DebugHarness: Emulating Human Dynamic Debugging for Autonomous Program Repair
Pith reviewed 2026-05-13 17:37 UTC · model grok-4.3
The pith
DebugHarness patches approximately 90% of real-world C/C++ security bugs on SEC-bench by emulating interactive human debugging, outperforming baselines by over 30%.
A machine-rendered reading of the paper's core claim, the machinery that carries it, and where it could break.
Core claim
DebugHarness successfully patches approximately 90% of the evaluated bugs. This yields a relative improvement of over 30% compared to state-of-the-art baselines, demonstrating that dynamic debugging significantly enhances LLM diagnostic capabilities.
Load-bearing premise
That the pattern-guided investigation strategy and closed-loop validation cycle can reliably diagnose and fix intricate memory safety violations using only LLM-driven interactive runtime probes without human intervention.

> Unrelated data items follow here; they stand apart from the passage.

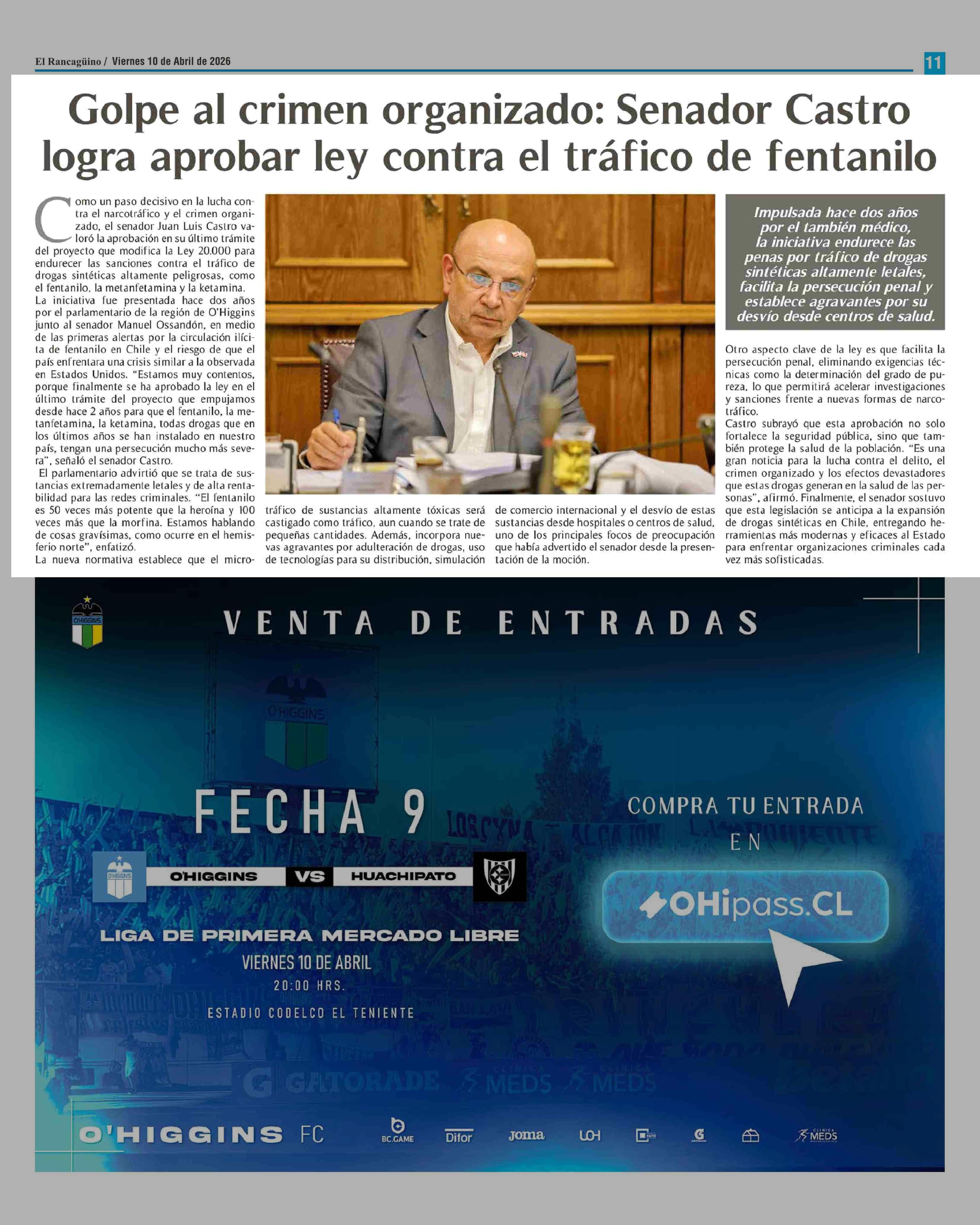 Fecha: 10-04-2026 Sector: Noticia general Región: Región del Libertador General Bernardo O'Higgins
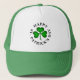A trucker hat with a green shamrock clover design and a black "HAPPY ST. PATRICK'S DAY" text around it.
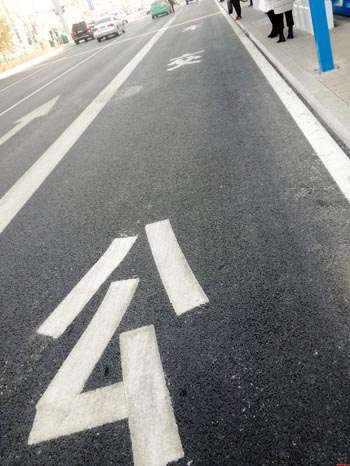 圖為城區(qū)長(zhǎng)征中街(君華新天地對(duì)面)一公交站牌處,印在路面上的“公交車(chē)”三個(gè)字順序錯(cuò)誤。正常閱讀順序是從上至下,從左至右,希望相關(guān)部門(mén)更正。一網(wǎng)友攝
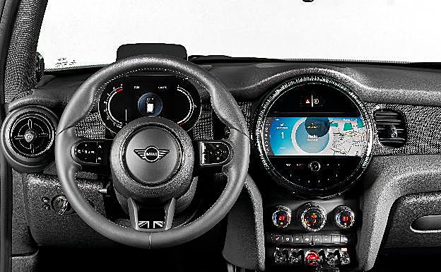 En lo que al interior se refiere, la novedad son los asientos deportivos con color Light Chequered, que combinan a la perfección con el acabado de pintura exterior Zesty Yellow. Pero si algo destaca llamativamente es el número de elementos cromados, que se ha reducido considerablemente, así como los dos difusores de aire redondos que ahora van enmarcados en paneles negros. De hecho, se han rediseñado por completo y están empotrados para quedar a ras de la moldura interior. Dicha moldura interior, disponible opcionalmente en los nuevos acabados Silver Chequered y Mini Yours Aluminium, así como el Electric para la versión cero emisiones, se extiende ahora por todo el ancho del cuadro de instrumentos hasta la zona del conductor.
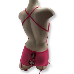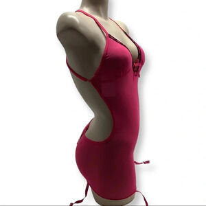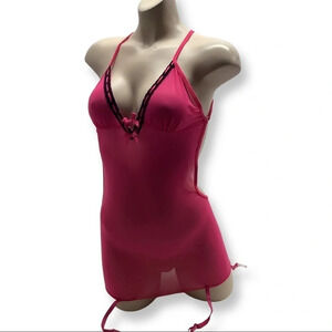 Sexy Hot Pink & Black Mesh Garter Cut Out Style Mini Dress NWOT
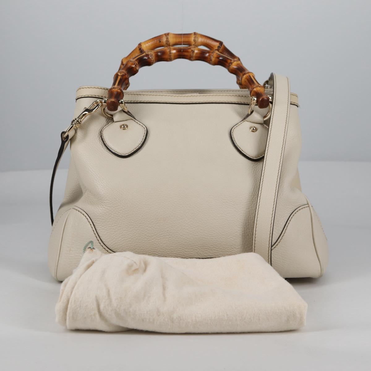 GUCCI Bamboo Hand Bag Leather 2way White Gold 308360 Auth 135217V
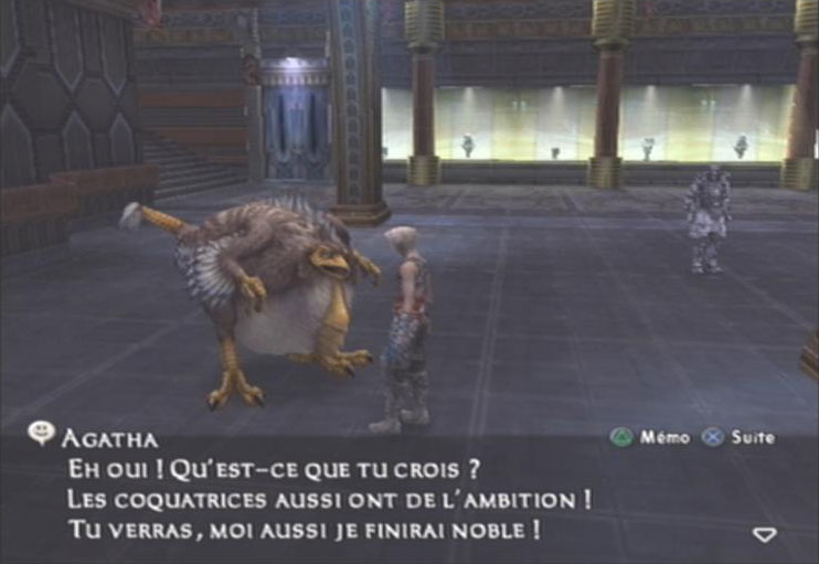 Il déambule au milieu des Chocobos à la rue des embruns de Port Balfonheim. Parlez tout d'abord à l'éleveuse de Chocobos, puis au Mog contrarié et enfin à Mandoline. Après une petite scène, vous gagnez une Lame gardienne

read the original abstract
Patching severe security flaws in complex software remains a major challenge. While automated tools like fuzzers efficiently discover bugs, fixing deep-rooted low-level faults (e.g., use-after-free and memory corruption) still requires labor-intensive manual analysis by experts. Emerging Large Language Model (LLM) agents attempt to automate this pipeline, but they typically treat bug fixing as a purely static code-generation task. Relying solely on static artifacts, these methods miss the dynamic execution context strictly necessary for diagnosing intricate memory safety violations. To overcome these limitations, we introduce DebugHarness, an autonomous LLM-powered debugging agent harness that resolves complex vulnerabilities by emulating the interactive debugging practices of human systems engineers. Instead of merely examining static code, DebugHarness actively queries the live runtime environment. Driven by a reproducible crash, it utilizes a pattern-guided investigation strategy to formulate hypotheses, interactively probes program memory states and execution paths, and synthesizes patches via a closed-loop validation cycle. We evaluate DebugHarness on SEC-bench, a rigorous dataset of real-world C/C++ security vulnerabilities. DebugHarness successfully patches approximately 90% of the evaluated bugs. This yields a relative improvement of over 30% compared to state-of-the-art baselines, demonstrating that dynamic debugging significantly enhances LLM diagnostic capabilities. Overall, DebugHarness establishes a novel paradigm for automated program repair, bridging the gap between static LLM reasoning and the dynamic intricacies of low-level systems programming.